Picked up the 500 Saturday, it's nice to have a GPS again. Garmin Connect seems to be okay it's got most of what I want, but I'll be looking for a better program. The battery seems to be very good and charges fast, will it be good long term? Only time will tell. The only thing that's weird is I rode a 24ish mile loop I do from home all but 2 miles is single track (Hawes, Mesa AZ) with my 305 it was showing 3400' of elevation with the 500 it only shows 2700'. Quite a difference I'd say. I've done lots of rides over 5000' elevation gain and this 24+mile loop is more than 2700' so the question is, is it defective or are they all off? What do you guys think?

Here are the links to the two rides. I added a little rode to the end of the ride yesterday cause I wanted to ride linger. And yes I was in better shape last year.

http://connect.garmin.com/activity/23057434
http://connect.garmin.com/activity/18032602


----------



## The_Boy (Sep 15, 2005)

lanpope said:


> How useful is the "course" function in the 500?
> 
> One of the main reasons that I want a GPS unit is to be able to ride other peoples routes from MMR or similar in new areas of the country when I travel.
> 
> ...


Loading someone else's route and being able to follow it on a trail I've never ridden is the main/only reason I've started researching GPS devices. Is that what this "course" function is? And is it not a common feature on most GPS devices?


----------



## slocaus (Jul 21, 2005)

The_Boy said:


> Loading someone else's route and being able to follow it on a trail I've never ridden is the main/only reason I've started researching GPS devices.

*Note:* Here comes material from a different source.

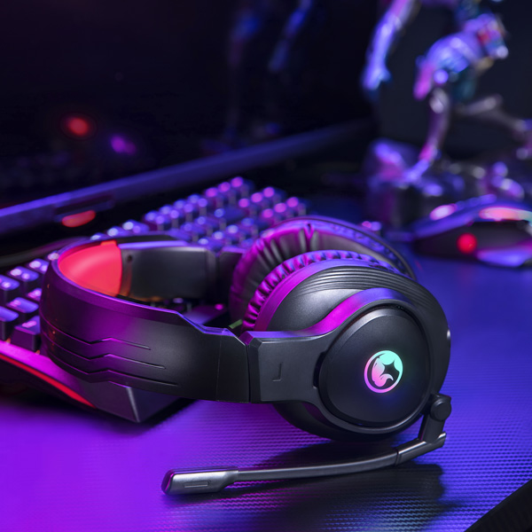 Marvo HG8958 headphones with microphone, wire, black, game, damaged case typ B, 3.5 mm jack + rozdvojka + USB, EOL

Is that what this "course" function is? And is it not a common feature on most GPS devices?


You can do it as a "course", but uploading it as a "route" is simpler and easier. The fitness GPSes use courses, a regular mapping GPS does not usually. They are almost the same thing in reality, unless you want to "race" yourself, and then you need to add it to a course to a fitness GPS.


----------



## lanpope (Jan 6, 2004)

slocaus said:


> You can do it as a "course", but uploading it as a "route" is simpler and easier. The fitness GPSes use courses, a regular mapping GPS does not usually. They are almost the same thing in reality, unless you want to "race" yourself, and then you need to add it to a course to a fitness GPS.


I have not been able to "upload" any type of pre-planned or downloaded ride as a "route" in the 205 and 305 that I have been playing with.

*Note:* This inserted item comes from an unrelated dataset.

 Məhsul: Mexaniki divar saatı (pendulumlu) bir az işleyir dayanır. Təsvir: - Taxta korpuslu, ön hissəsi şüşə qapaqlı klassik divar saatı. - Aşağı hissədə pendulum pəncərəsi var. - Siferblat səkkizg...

It is easy to upload the ride as a "course" and then follow it. I have even gotten it to give me turn ques with Bikeroutetoaster "courses", but I can get nothing into the "routes" portion of the GPS.

From reading the manual...it looks like "routes" only navigate you from premarked location to premarked location "as the crow flies". Not very useful on the 205/305 if you ask me.

Edge 500 and 705 may be different...I've not played with them.

LP


----------



## funkydrum (Mar 10, 2007)

Just bought and raced the 500 last weekend. I'm a 305 user but was on my 2nd reconditioned unit (auto-off in the rock-gardens, Lap/Reset button non-functional). Here's a few thoughts:

- Boot time was comparable
- Liked the % charged indicator instead of "Charging in Progress"
- All buttons are rubber-covered (vs. the lap and start/stop on the 305)
- Menus just as or slightly more intuitive as 305
- Better mount. O-ring lifespan questionable but easy, plus extras included.
- Unclear whether the temp. data is stored or just real-time.

I'm happy as it's smaller and I never used the mapping functions of the 305. The claimed longer battery life will be a plus on the 6-hr races and epic rides.


----------